肥胖是全球主要的健康问题。在各项研究中,已报道肥胖与脂肪量和肥胖相关基因(FTO)及胰岛素诱导基因2(INSIG2)的常见变异存在关联。我们旨在进一步研究FTO基因中的单核苷酸多态性(SNP)rs9939609和INSIG2基因中的rs7566605与病态肥胖(体重指数[BMI]≥40)受试者的BMI及其他人体测量和代谢参数之间的关联。对来自德国美因茨的124名无亲缘关系的病态肥胖患者(平均BMI = 50,范围40.1 - 77.1)和253名无病态肥胖病史的正常对照进行了SNP rs9939609和rs7566605基因分型。对124名患者中的109名进行了代谢和人体测量参数分析,并检验了其与基因型数据的关联。FTO rs9939609的高危AA基因型在32.3%的患者中出现,而在对照中为15.8%(p = 0.0004),且与肥胖风险增加相关[比值比(OR)= 2.54,95%置信区间(CI)= 1.53 - 4.21]。中等风险的AT基因型在患者和对照中的出现频率相似(48.4%对48.6%,OR = 0.99)。rs9939609的低危TT基因型在19.4%的患者中出现(对照中为35.5%;p = 0.0013),且与病态肥胖风险降低相关(OR = 0.43,CI = 0.26 - 0.73)。相比之下,INSIG2 rs7566605在我们的患者中与肥胖无关联。代谢数据分析表明,高危FTO基因型(rs9939609_AA)与血清谷氨酸草酰乙酸转氨酶(GOT)水平升高相关,高危INSIG2基因型(rs7566605_CC)与较低的腰臀比及较低的糖化血红蛋白A1c(HbA1c)水平相关。

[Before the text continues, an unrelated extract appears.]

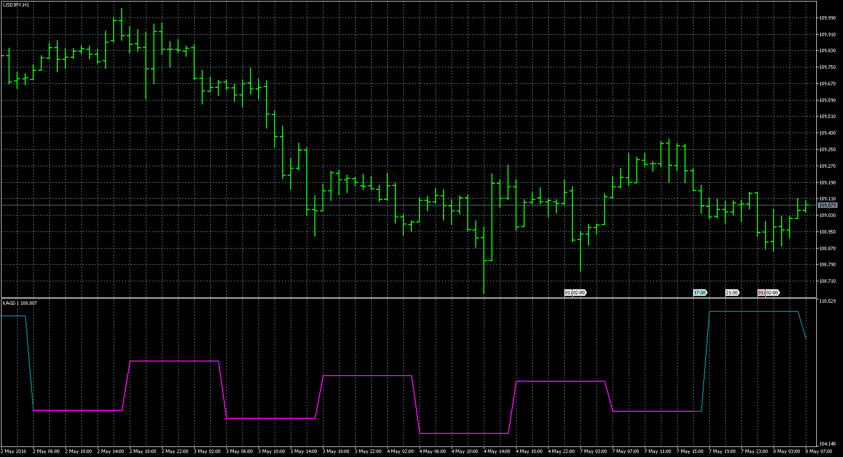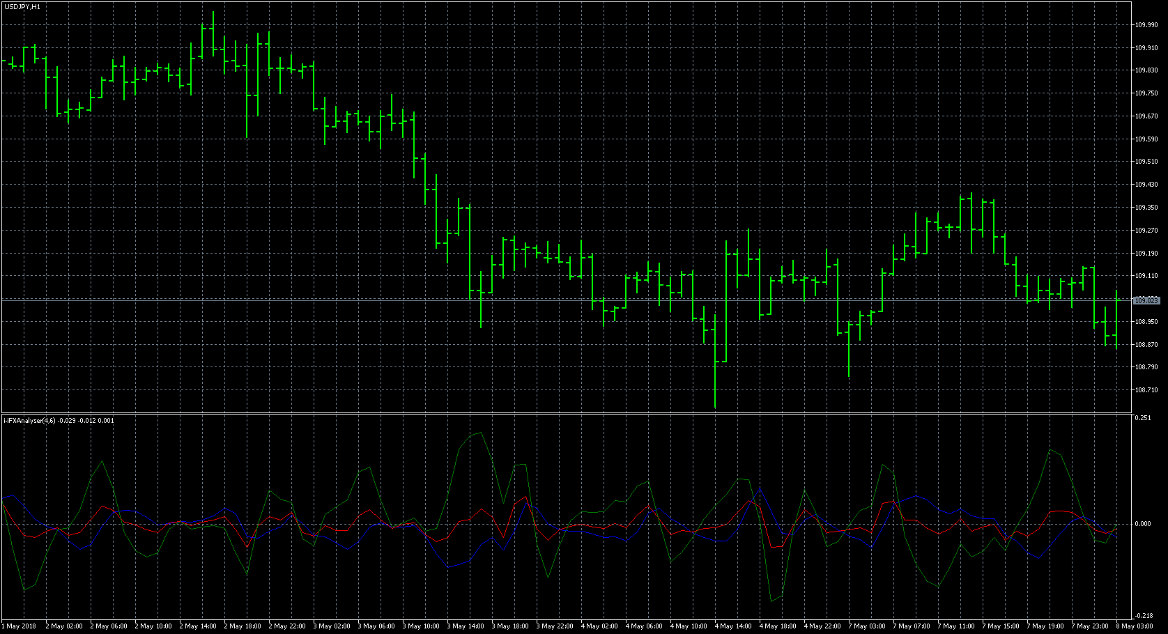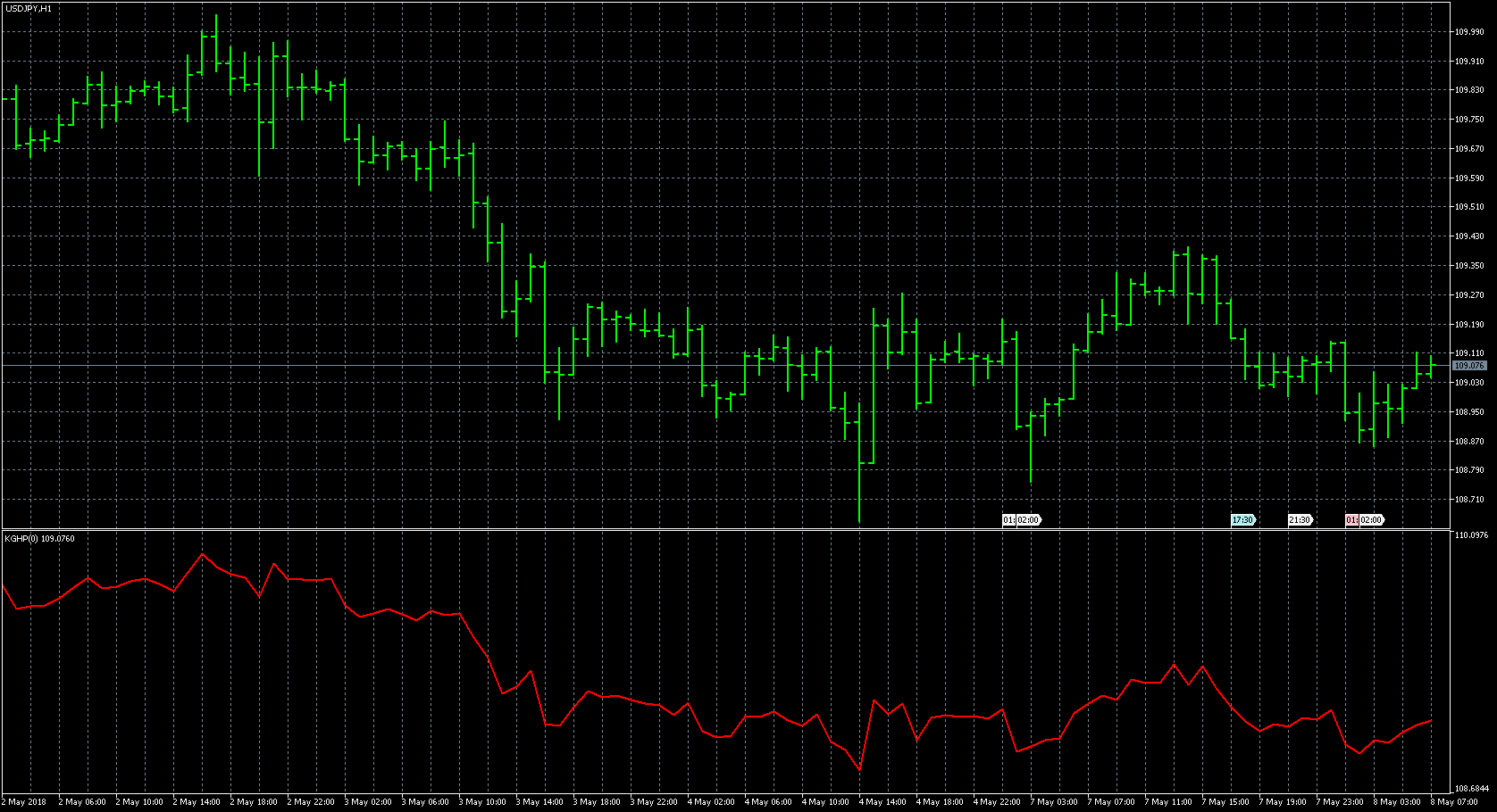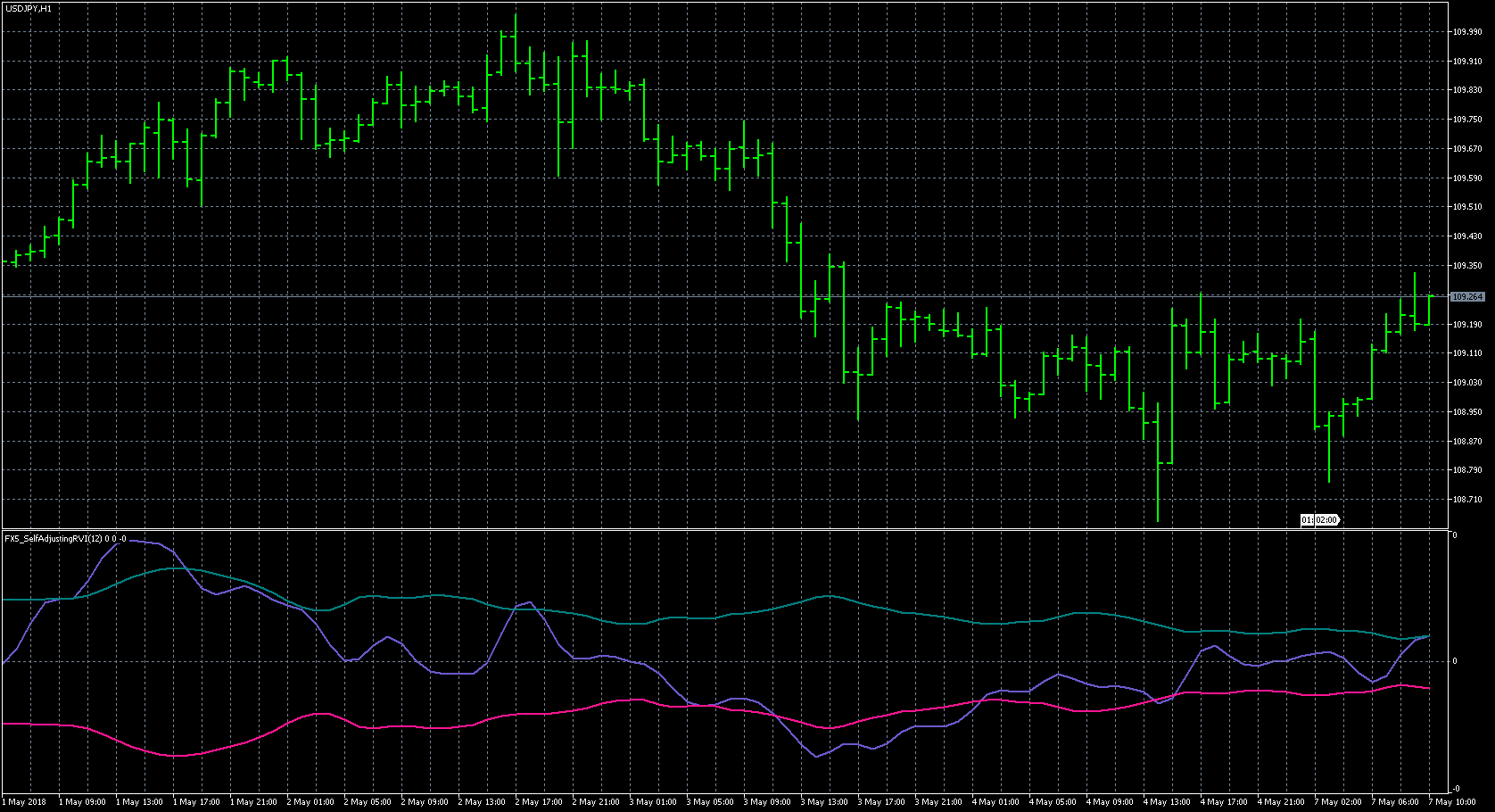 FXのフリーのチャートソフト、メタトレーダー5 (MT5)にインディケーターを表示させた画像です。 画像をクリックすると大きく表示されます。

我们的结果证实了FTO SNP与极度肥胖之间的关联。然而,我们在样本中未发现INSIG2潜在肥胖风险等位基因的关联,因此无法证实INSIG2 CC基因型与肥胖的关联。我们发现高危FTO基因型(rs9939609_AA)与较高的GOT水平之间存在关联,这可能反映了肥胖患者中非酒精性脂肪性肝炎的发生率增加。我们还检测到高危INSIG2基因型(rs7566605_CC)与较低的腰臀比及较低的HbA1c水平之间的关联,这可能表明该基因型患者在减肥手术后糖耐量受损和2型糖尿病得到改善。